Япония, напротив, вплотную приблизилась к идеалу городской системы с широким непрерывным спектром численности населения. Так же как и Китай в прежние времена, хотя в XIX веке в этой стране отсутствовали малые города в диапазоне 10-20 тыс. человек, а быстрый рост крупных городов ограничивался несколькими мегаполисами, почти все из которых находились на побережье или вблизи него. Подозрение, что подобные разрывы и диспропорции на оси размеров указывают на слабые торговые связи между городами, тем не менее опровергается выводами китайских историков, которые смогли продемонстрировать все большую интеграцию "национального" рынка. Иными словами, проблематично отталкиваться от "эстетической", навеянной Западом нормы о единой иерархии городов, не выяснив, как именно экономически функционируют различные структуры. В Китае, за исключением нескольких прибрежных мегаполисов, росли по численности населения и среднему размеру в основном те города, которые не являлись административными центрами и могли заниматься торговлей при незначительном государственном регулировании (специалисты в этой области говорят о "неадминистративных рыночных центрах"). Поэтому "неидеальная" иерархия вполне могла иметь определенный функциональный смысл.

3. Между деурбанизацией и гиперростом

Мы должны быть осторожны в оценках. Быстрый количественный рост городов сам по себе не является признаком стремительной модернизации, а деурбанизация не всегда, хотя и часто, является проявлением кризиса и стагнации. В Японии, как и в Европе, так называемая протоиндустриализация XVIII века сопровождалась эмиграцией из крупных городов. Фактически деурбанизация была характерна для различных частей Европы до 1800 года - например, для Португалии, Испании, Италии, Нидерландов. Однако обеднение жизни городов на юге Европы выражало общую тенденцию к смещению центра европейской городской культуры на Север и в Атлантику. Лишь около 1840 г. упадок старых городов на Юге приостановился.

Исключением, однако, стали Балканы. По сравнению с другими регионами, находящимися на аналогичном уровне экономического развития, он отличался высокой степенью урбанизации.
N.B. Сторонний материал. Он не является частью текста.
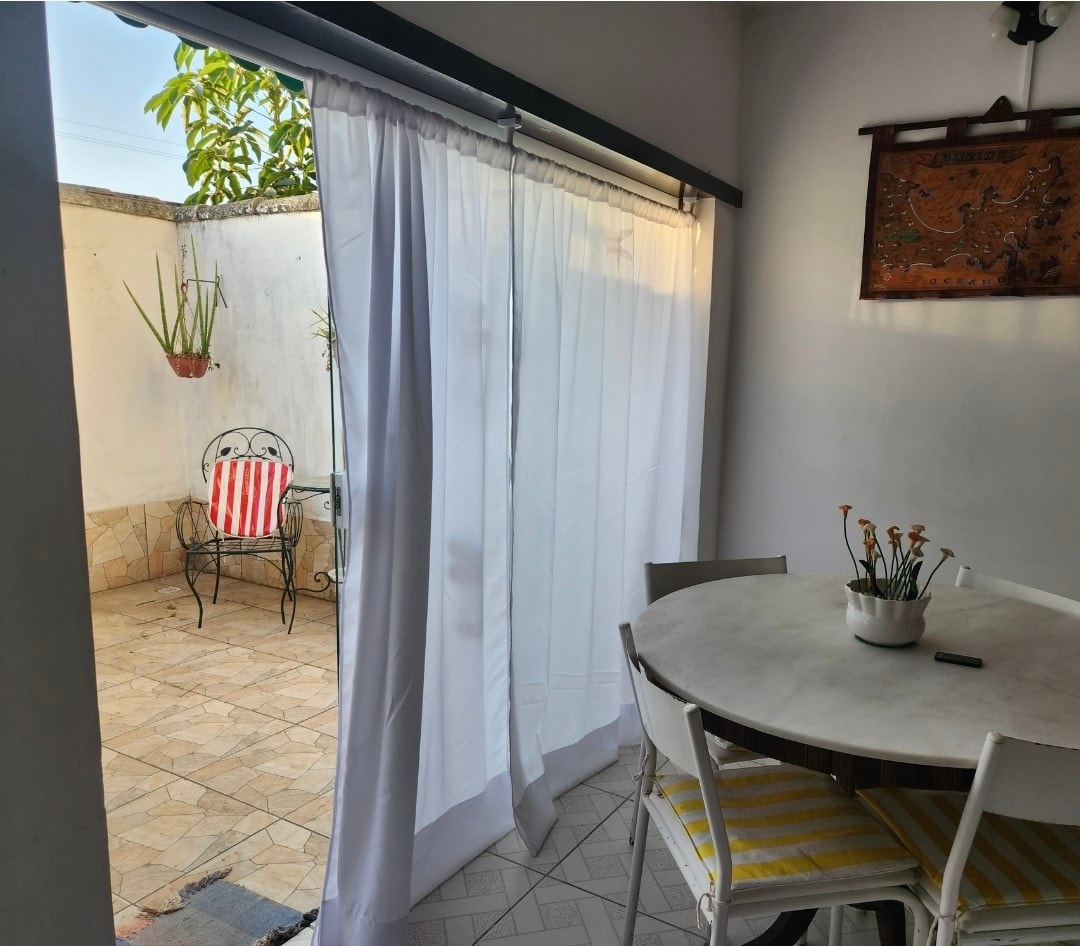 Casa tipo loft com cozinha jardim interno 2 suites 1 no primeiro andar com varanda e a 2 no terreo intrgada no loft com divisorias em tecido. sala ampla com mesa para 12 pessoas , 3 sofas espaçosos. Varanda coberta no jardim interno com mesa de jantar, churrasqueira portatil e ducha. Cozinha toda equipada com utensilios para 6 pessoas. Area de serviço com tanque e varal de roupa. um espaço escritorio com otima conecçao internet. Tudo decorado no estilo Balines. A piscina é compartilhada.

Это не было результатом специфической динамики XIX века, а наследием более ранних событий: прежде всего, высокого значения, которое османы придавали городской культуре, и важности укрепленных городов-гарнизонов. После окончания османского владычества ряд балканских стран пережил этап деурбанизации. Особенно ярко это проявилось в Сербии в период смуты 1789-1815 гг. В Белграде, где в 1777 году насчитывалось около 6 тыс. домов, в 1834 году их было всего 769. Сербская революция разрушила османские институты с такой тщательностью, что даже их городская структура оказалась невостребованной. Аналогичный процесс произошел после 1878 г. в Черногории, а в Болгарии наблюдался, по крайней мере, длительный городской спад.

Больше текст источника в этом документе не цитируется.